(Records from a collection)
★ ★ ★ ★ ★
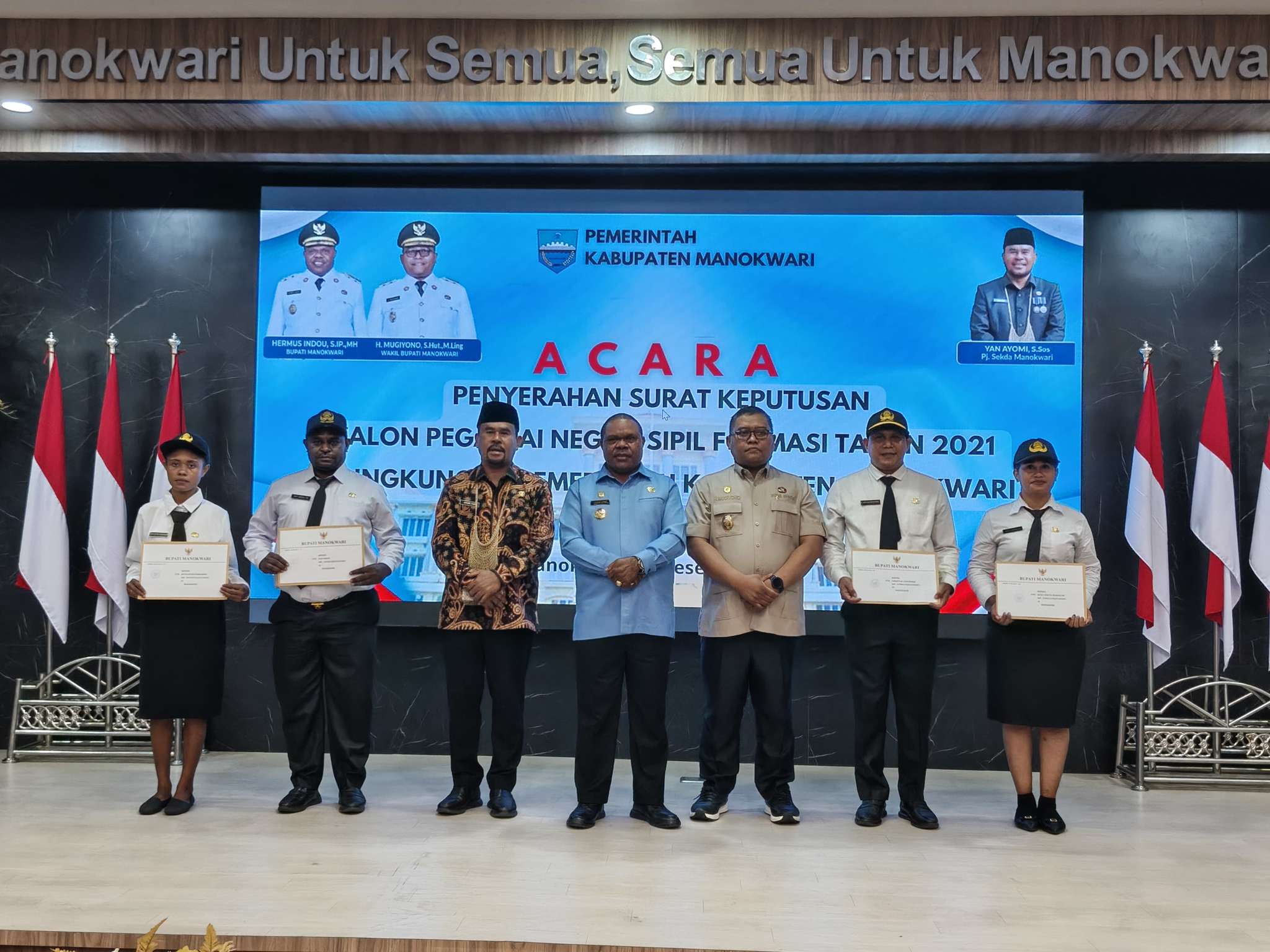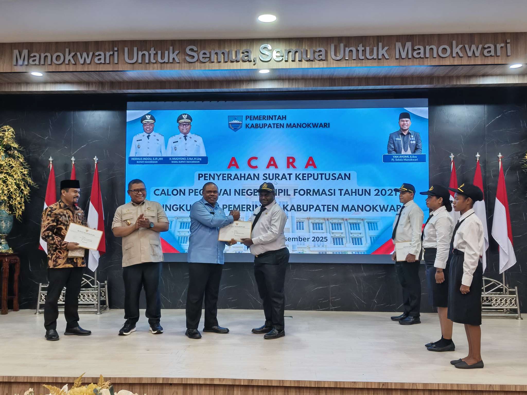 MANOKWARI, SURYA ARFAK – Bupati Manokwari, Hermus Indou, menyerahkan Surat Keputusan (SK) pengangkatan kepada 308 Calon Pegawai Negeri Sipil (CPNS) Kabupaten Manokwari formasi tahun 2021. Penyerahan SK berlangsung di Ruang Sasana Karya, Kantor Bupati Manokwari, Jumat (19/12/2025).
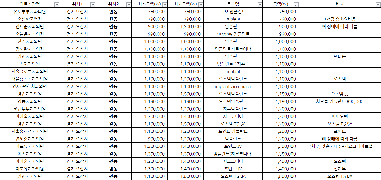 경기 오산시 원동 지르코니아 임플란트 치과 가격 top5 유노부부 오산한국병원 연세준
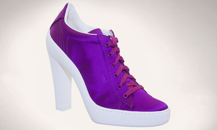 Nicméně barvy jsou to nejobyčejnější na této kolekci. Sergio Rossi není obyčejný návrhář a proto Puma teniskám přidal gumový podpatek. Vypadají jako nám známé Clyde tenisky ale v elegantní verzi. Jako materiál byl použit sexy satén nebo kůže a barvy jako Lolita Pink, Speedy Black nebo Delovely Lavender.
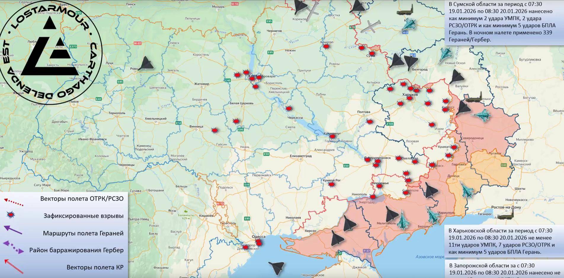在1月20日的大轰炸中,俄军此次打击的主要目标为乌克兰能源设施,乌克兰国防工业基础设施:俄军图-95MS战略轰炸机发射的9枚Kh-101巡航导弹轰炸了基辅州的扎希德纳,330千伏变电站;俄军图-95MS战略轰炸机发射的5枚Kh-101巡航导弹轰炸了基辅州白采尔克瓦地区能源设施;俄军发射了4枚伊斯坎德尔-M战术弹道导弹,轰炸了乌克兰第聂伯罗彼得罗夫斯克州的第聂伯罗重型液压机厂;·俄军2枚“伊斯坎德尔-M”战术弹道导弹轰炸了基辅州CHP-6热电厂;俄军2枚“伊斯坎德尔-M”战术弹道导弹轰炸了基辅州CHP-4热电厂。
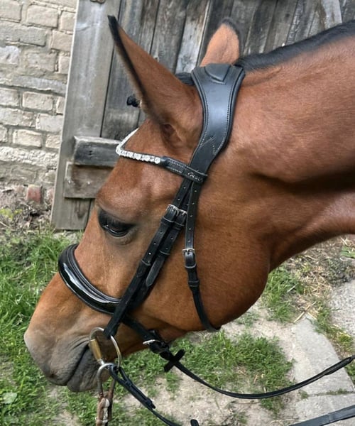 We have a wonderful mare with a very special character – calm, relaxed, motivated, and always eager to perform. She has been trained and raised very gently. She was kept in an open stable 24/7 until her fifth year. She is absolutely easy to ride and truly talented over fences. Therefore, she is also suitable for talented young riders looking for a horse that can grow with them and be competition-ready. She is completely reliable and brave both in the terrain and at the jumps. For this reason, she is also well-suited for eventing. Initially, a 100% leasing arrangement for her use is possible, with a later option to purchase.
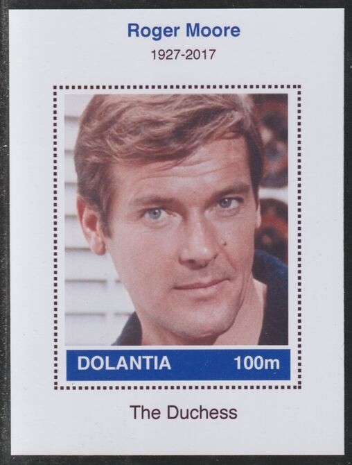 Dolantia (Fantasy) Roger Moore imperf deluxe sheetlet on glossy card (75 x 103 mm) unmounted mint
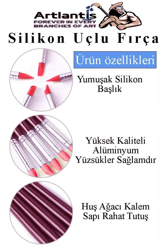 Ahşap Sap Silikon Kalem Başlığı; Dayanıklı silikon kalem başlığı size kontrol ve hassasiyet kombinasyonu sunar.Ürün Boyutu: Uzunluk: 18 cm Kalem Başlığı Uzunluğu: 2,5 cm; Sap Çapı: 1,5 cmFarklı Boyutlar: Her birinin farklı boyut ve şekli vardır, oyma, modelleme, kesme, sıyırma, yontma ve daha fazlası için kullanılabilir.Pürüzsüz Sap: Pürüzsüz sap yüzeyi uzun süreli çizimlerle elinizde zorlanmanızı sağlamaz.Şunlar için kullanılır: Yağlı boya, pastel ovma, çömlek kil rengi şekillendirme, karıştırma ve kil şekillendirme için mükemmeldir. Ev, okul ve dış mekan kullanımı için ideal0
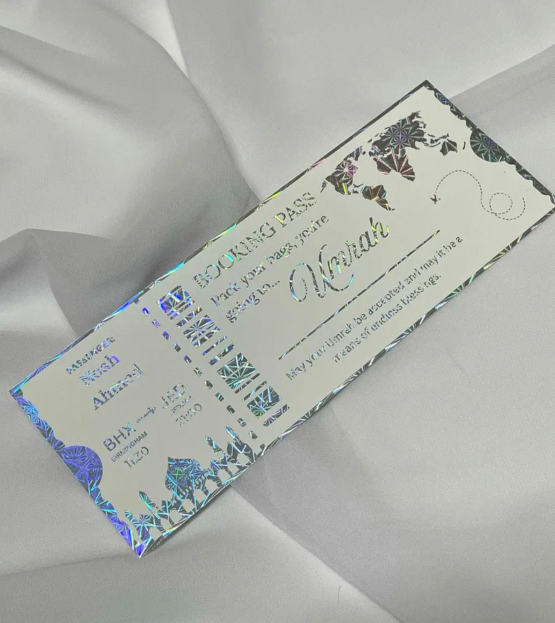 Fully personalised with: - Passenger Name - Departure and Destination Airport - Custom Message - Foil Colour
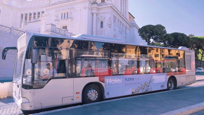 印有海尔LOGO的大巴车行驶在意大利威尼斯广场
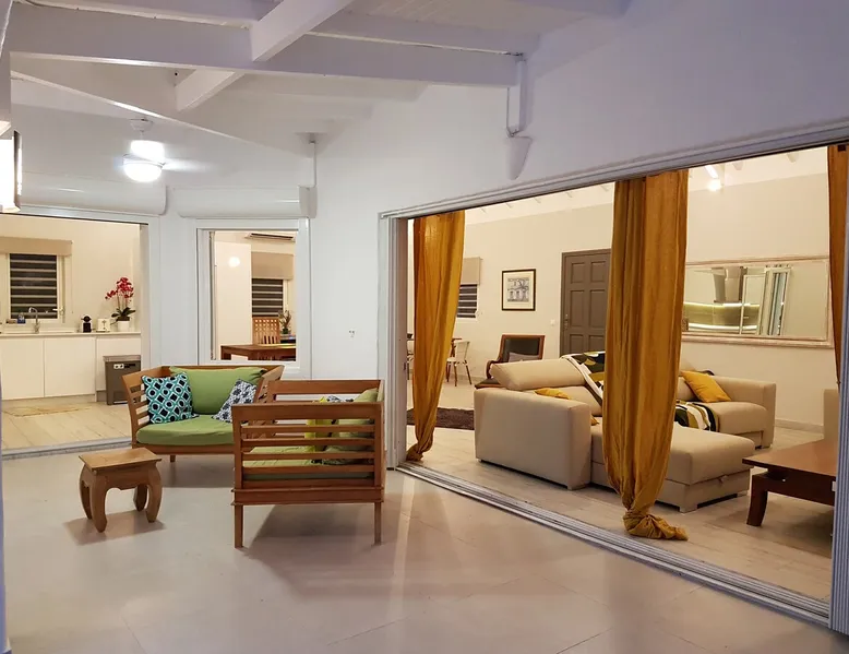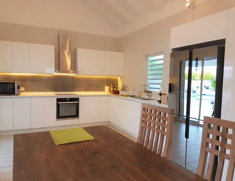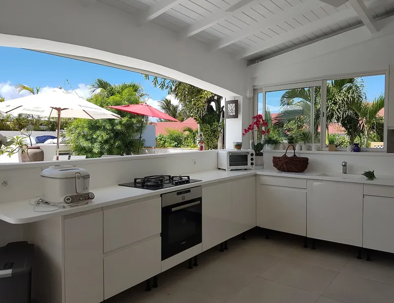 Villa located in the heart of Baie Orientale. Beautiful indoor and outdoor living space. Beautiful heart-shaped pool, superb terrace for perfect relaxation. The house is located a 5-minute walk from the beach. The space The single-story villa is a 5-minute walk from the beach of Baie Orientale and its many activities and restaurants. All rooms in the villa overlook the pool. Like a hacienda in the West Indies!! Each bedroom has its own TV, bathroom and toilet, the living room with the living room and kitchen have been designed and furnished for your comfort. A beautiful outdoor terrace with a second kitchen allows you to fully enjoy the outdoor space, dedicated to relaxation, sunbathing, and family fun. The house has many spaces that allow 2 or 3 couples to come with friends without living on top of each other. This is a real vacation home where everyone can enjoy it to the fullest!!! Other things to note The house has a water tank that will allow you to be permanently supplied despite city outages. The house has been fully renovated following Hurricane IRMA. The photos have therefore been updated.
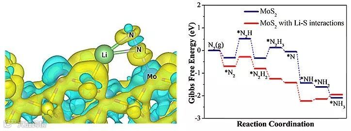 图1. “Li-S”强相互作用促进电催化合成氨反应的理论模拟计算
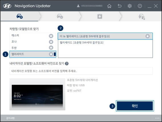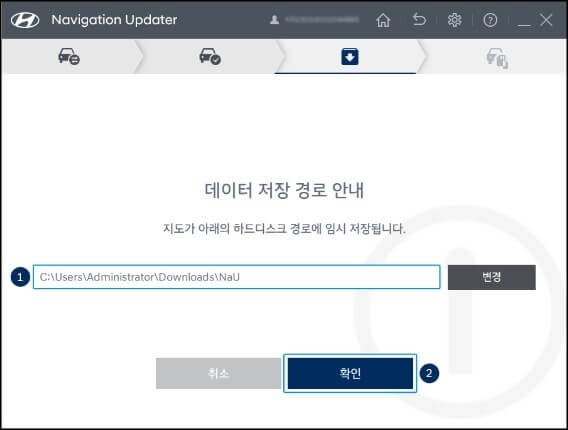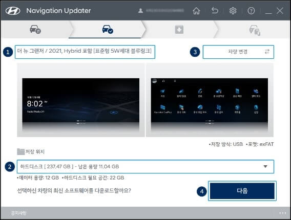 7. 본인의 차량 모델을 찾았다면 선택한 차량이 맞는지 한번 더 확인하고 업데이트 데이터를 저장할 위치를 선택한 뒤 다음 버튼을 클릭합니다. (만약 차량을 변경하고 싶다면 오른쪽 상단에 있는 차량 변경 버튼을 클릭하고 변경하면 됩니다.)
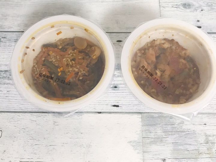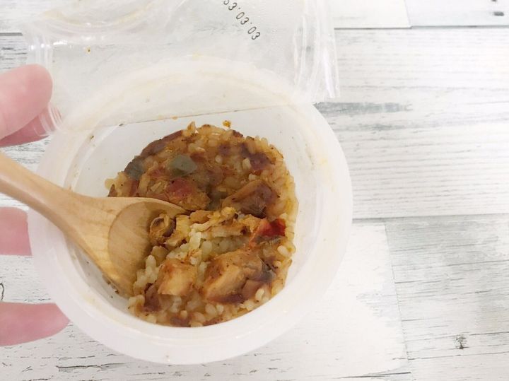 辛味の中にごま油の風味を感じることが出来る1品です。山菜ミックス・人参が具材になっていて、ちょぴりヘルシーな印象です。こちらもパエリアと同じく内容量160gですが、実際に食べてみるとそれ以上に感じるほどの満腹感を味わえます。
★ ★ ★ ★ ★
:: Exercise prompt ::
Take the lines from the start of the entries through the line containing "경기 오산시 원동 지르코니아" and set them down exactly, leaving out every picture.

:: Answer to the exercise ::
 MANOKWARI, SURYA ARFAK – Bupati Manokwari, Hermus Indou, menyerahkan Surat Keputusan (SK) pengangkatan kepada 308 Calon Pegawai Negeri Sipil (CPNS) Kabupaten Manokwari formasi tahun 2021. Penyerahan SK berlangsung di Ruang Sasana Karya, Kantor Bupati Manokwari, Jumat (19/12/2025).
 경기 오산시 원동 지르코니아 임플란트 치과 가격 top5 유노부부 오산한국병원 연세준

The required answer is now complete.